Душеприказчик Кафки, Макс Брод, нарушил завещание человека, для которого был единственным другом. Он издал не только произведения Кафки, но и его личные письма, дневники, об уничтожении которых писатель просил особенно настойчиво. Милан Кундера обвиняет Брода в предательстве — оговаривая, впрочем, что и сам не смог бы сжечь все, написанное Кафкой, что оставил бы несколько произведений.
Так или иначе, труды Кафки опубликованы (и если сам он смотрел на них как на вздор, то сегодня найдется немало читателей, которые сочтут их бредом), дневники и письма изданы. И благодаря «предательству» Макса Брода мы можем не только погрузиться в патологически причудливые фантазии Франца Кафки, но и со всей ясностью увидеть, что они лишь отражают его душевный мир. Вообще, характерная для Кафки зацикленность на самом себе зачастую кажется неустанным поиском несчастья.

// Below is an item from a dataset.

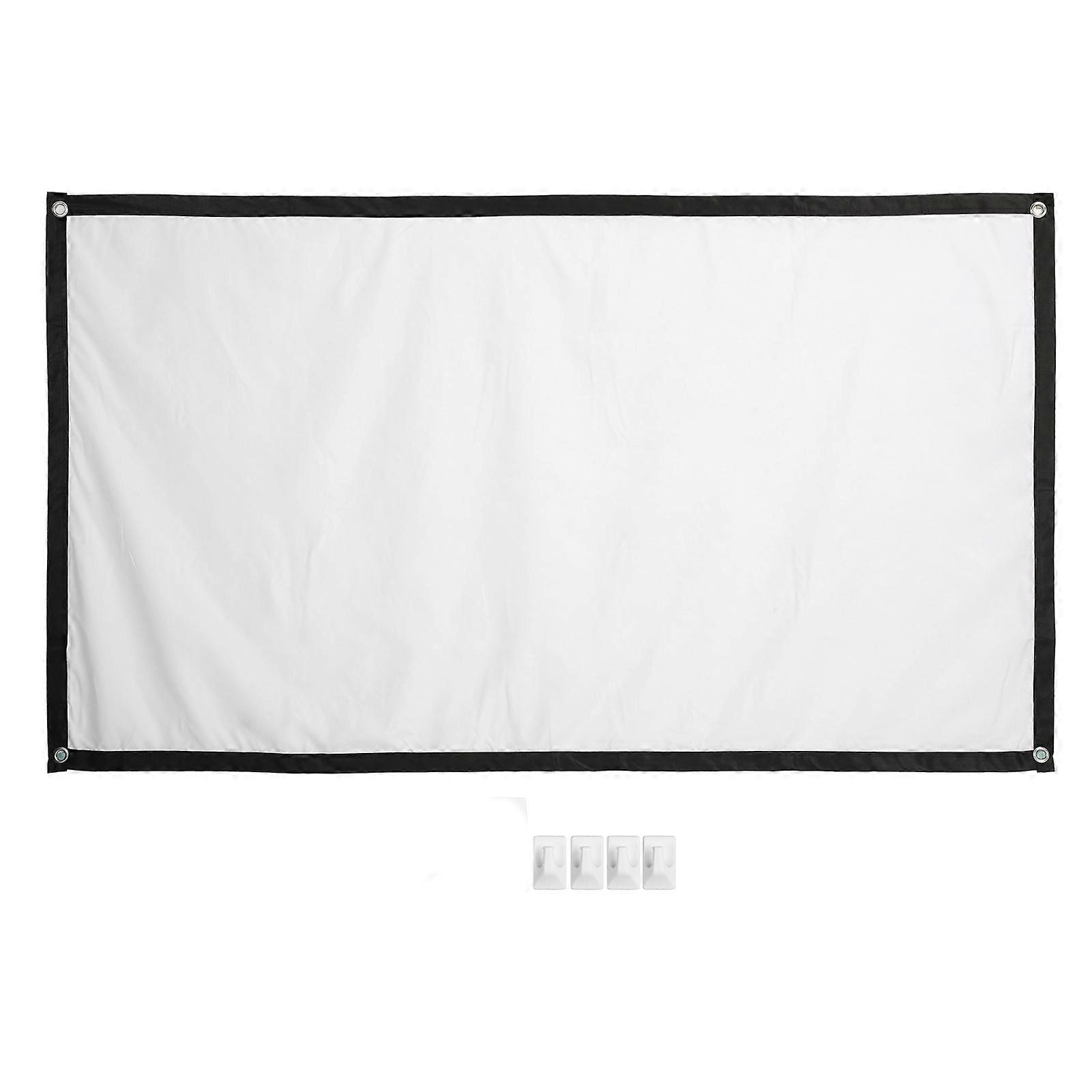 Features 1.BRIGHT AND CLEAR: Movie projector screen is made of soft touch and flexible thick polyester material that ensures wrinkle free, clearer and brighter projection when folded or compressed. 2.180 DEGREE 60 INCH: Projection movies screen with a 180 degree wide viewing angle and large 60in size, allowing you to simply choose the most comfortable viewing position and enjoy a great movie night. 3.PERFECT FOR YOU: 60 inch projector screen works in most situations, displaying movies, sports games, photos, music videos, games, and more to make your life more fun. Suitable for indoor and outdoor use. 4.EXCELLENT GIFT: Outdoor projection screen can be used as a gift for family, friends, and loved ones to enhance relationships by watching or talking about movies or episodes from certain holidays. 5.APPLICABLE SCENES: Projector screen is suitable for home theater, business meetings, exhibitions, conferences, presentations, etc. It is easy to install and can be hung on the wall using hooks (included in the package). specificationItem Type: Projector Screen_x000D_ Material: Polyester_x000D_ Size: 60 Inch_x000D_ Aspect Ratio Display: 16:9_x000D_ Viewing Angle: 180 Degree_x000D_ Scope of Application: Indoor and Outdoor Projection Screens for Movies or Office Presentations PackageList1 x Projector Screen4 x Hook(Hook Randomly)

Иногда складывается впечатление, что Кафка находится в коконе собственных переживаний — для него не существует внешних событий. А ведь он появился на свет в то время, когда возникла чешская государственность, родился литературный чешский язык, ставший языком Гашека, Чапека, Кундеры (впрочем, последний уже долгие годы пишет по-французски). Все это прошло мимо Франца Кафки — он писал по-немецки. И даже сегодня находятся люди, для которых становится откровением, что Кафка — не немецкий писатель.
Франц Кафка родился 3 июля 1883 года в Праге — городе, где чехи, немцы и евреи жили бок о бок, но как бы в параллельных мирах, не пересекаясь друг с другом и не интересуясь друг другом. Впрочем, время от времени вспыхивали конфликты, иногда более серьезные, иногда менее — тогда соседи обращали внимание друг на друга, но все затихало, и замкнутость мирков национальных общин восстанавливалась.
А Кафка не вписывался никуда, точнее, он всюду был «не полностью». Немецкий критик Гюнтер Андерс писал: «Как еврей он не был полностью своим в христианском мире. Как индифферентный еврей — а таким он поначалу был — он не был полностью своим среди евреев. Как немецкоязычный — не был полностью своим среди чехов. Как немецкоязычный еврей — не был полностью своим среди богемских немцев. Как богемец — не был полностью австрийцем. Как служащий по страхованию рабочих — не полностью принадлежал к буржуазии. Как бюргерский сын — не полностью относился к рабочим. Но и в канцелярии он не был целиком, ибо чувствовал себя писателем. Но и писателем он не был, ибо отдавал все силы семье». Но и в семье собственных родителей он был чужеродным элементом — и здесь это «не полностью».
Не умея вписаться ни в одно сообщество, Кафка ненавидит Прагу (а может, наоборот: ненависть к Праге мешает ему стать «своим» в этом городе). Он ничего не заимствует из ее традиций и легенд, стремится бежать из нее. Почему такая ненависть? Возможно, потому, что Прага была городом детства Франца, местом, где жила его семья.
И в то же время Франц Кафка сам может служить символом Праги того времени, которую раздирали политические, языковые и культурные противоречия между немецкой, чешской и еврейской составляющими «личности» города. Также и Кафка — в его душе сочетались, жили независимо друг от друга и периодически вступали в конфликт отцовская и материнская линии. С одной стороны, отцовская фамилия, отмеченная «силой, здоровьем, хорошим аппетитом, сильным голосом, даром слова, самодовольством, чувством превосходства над всеми, упорством, остроумием, знанием людей, определенным благородством». С другой — материнская линия Леви, которой присущи «упорство, чувствительность, чувство справедливости, беспокойство». В письме, написанном отцу в 1919 году, которое тот, впрочем, так никогда и не прочитал, он открыто объявляет себя Леви. Кафка ненавидел оба «К» в своей фамилии, которая в переводе с чешского означает «галка». Галка была изображена на вывеске отцовского магазина, и Франц, очевидно, неуютно чувствовал себя в семействе галок — громогласных, уверенных в себе, наглых и хамоватых птиц. А Кафка чувствовал себя хилым, неуклюжим и смешным — возможно, из-за высокого роста, которого всегда стыдился. Впрочем, полностью отождествлять себя с материнским семейством писатель тоже не готов, он оговаривает, что он Леви — но «с некоторой основой Кафки». Опять — «не полностью».
Для Кафки литература стала прежде всего той сферой, куда отцу доступ был закрыт. Это был маленький остров свободы, место, где Франц брал реванш над отцом, где он был независим.